A further major source of heat, however, is the engine which at the moment is cooled with a liquid water-glycol mixture at a temperature of around 100 degrees Celsius. IAV’s “Advanced Thermal Management” (ATM) system uses both heat sources as energy supply for the ORC. A water-ethanol blend (Rankine fluid) first flows through the heat exchanger in the exhaust system and then through the engine. This way, the ORC can recover far more energy. “Fuel consumption now falls by at least 4.5 percent, reaching the break-even point set for heat recovery in the truck”, Dingel says. “The energy can be transferred to the engine or drive shaft by mechanical means or fed into the vehicle electrical system by means of a generator. At the moment, however, there are still not enough power consumers in trucks for this.”

Using ATM, however, demands some rethinking in terms of engine cooling. It is no longer based on heating a liquid medium but uses the targeted, forced evaporation of the fluid in the engine (designed boiling). Depending on load point, this takes place at far higher pressures (up to 40 bar) and temperatures than conventional cooling. At first sight, this appears to impair the transfer of heat to the cooling medium because with conventional cooling, the temperature difference between the hot components and the medium is very high. “Although it is substantially less with ATM, evaporation provides a much better heat transfer”, Dingel explains. “Through phase transition, the fluid can take up a far higher amount of energy, which leads to a drastic reduction in the mass flow demand. As a result, ATM also manages with a very small coolant pump.”

Condenser increases cooling capacity

Downstream of the engine, the evaporated medium flows into the expander where it expands and performs mechanical work for recovering heat. Liquefaction then takes place in a condenser which replaces the radiator used today. This reveals a further benefit of ATM: the condenser has better efficiency. For the same cooling capacity, it requires a surface area some 40 percent less than a conventional radiator. If the cooling area is left unchanged, far more heat can be discharged into the environment than with a conventional radiator. This provides the capability of running the ORC at high loads too, for example while hillclimbing, without significantly reducing the energy recovered as a result of higher fan power consumption.

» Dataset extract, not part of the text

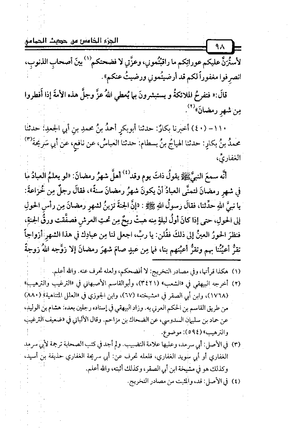 أنَّه سمعَ النبي صلى الله عليه وسلم يقولُ ذاتَ يوم وقد أهلَّ شهرُ رمضانَ: «لو يعلمُ العبادُ ما في شهرِ رمضانَ لتمنَّى العبادُ أنْ يكونَ شهرُ رمضانَ سنةً»، فقالَ رجلٌ مِن خُزاعةَ: يا نبيَّ اللهِ حدِّثنا، فقالَ رسولُ اللهِ صلى الله عليه وسلم: «إنَّ الجنةَ تزينُ لشهرِ رمضانَ مِن رأسِ الحولِ إلى الحولِ، حتى إذا كانَ أولُ ليلةٍ مِنه هبتْ ريحٌ مِن تحتِ العرشِ فصفَّقت ورقُ الجنةِ، فنظرَ الحورُ العينُ إلى ذلكَ فقُلن: يا ربِّ، اجعل لنا مِن عبادِك في هذا الشهرِ أزواجاً تقرُّ أعيُنُنا بهم وتقرُّ أعيُنهم بنا، فما مِن عبدٍ صامَ شهرَ رمضانَ إلا زوَّجه اللهُ زوجةً -[99]- مِن الحورِ العينِ في خيمةٍ مِن دُرةٍ مُجوفةٍ مِما نعتَ اللهُ عزَّ وجلَّ به الحورَ المَقصوراتِ في الخيامِ، على كلِّ امرأةٍ منهنَّ سبعونَ حُلةً ليس مِنها حُلةٌ على لونِ الأُخرى، وتُعطى سبعين لوناً مِن الطيبِ ليسَ يُشبهُ الأولَ، كلُّ امرأةٍ منهُن على سريرٍ مِن ياقوتٍ مُوشَّحٍ بالدرِّ، على سبعينَ فراشاً بطائنُها مِن إستبرقٍ، وفوقَ السبعينَ فراشاً سبعونَ أريكةً، ولكلِّ امرأةٍ منهُن سبعونَ ألفَ وصيفةٍ تخدمُها، وسبعونَ ألفَ وصيفٍ لزوجِها، مع كلِّ وصيفٍ صحيفةٌ مِن ذهبٍ فيها لونٌ مِن الطعامِ يجدُ لآخرِهِ مِن اللَّذةِ ما لا يجدُ لأولِهِ، ويُعطى زوجُها مثلَ ذلكَ على سريرٍ مِن ياقوتةٍ حمراءَ، عليهِ سوارانِ مِن ذهبٍ مُرصعٍ بالياقوتِ الأحمرِ، هذا لكلِّ مَن صامَ شهرَ رمضانَ سِوى ما عملَ مِن الحسناتِ».

Using ATM involves modifications to the cylinder head and to the engine block. “In future, cooling ducts must be configured in a completely different way”, Dingel says. “But this is not expected to increase costs.” IAV has already tested the new cooling system on a passenger car cylinder head and carried out simulations to verify its efficiency in the commercial vehicle sector. Following successful development on behalf of a client, ATM could go into volume production as early as the next generation of truck engines.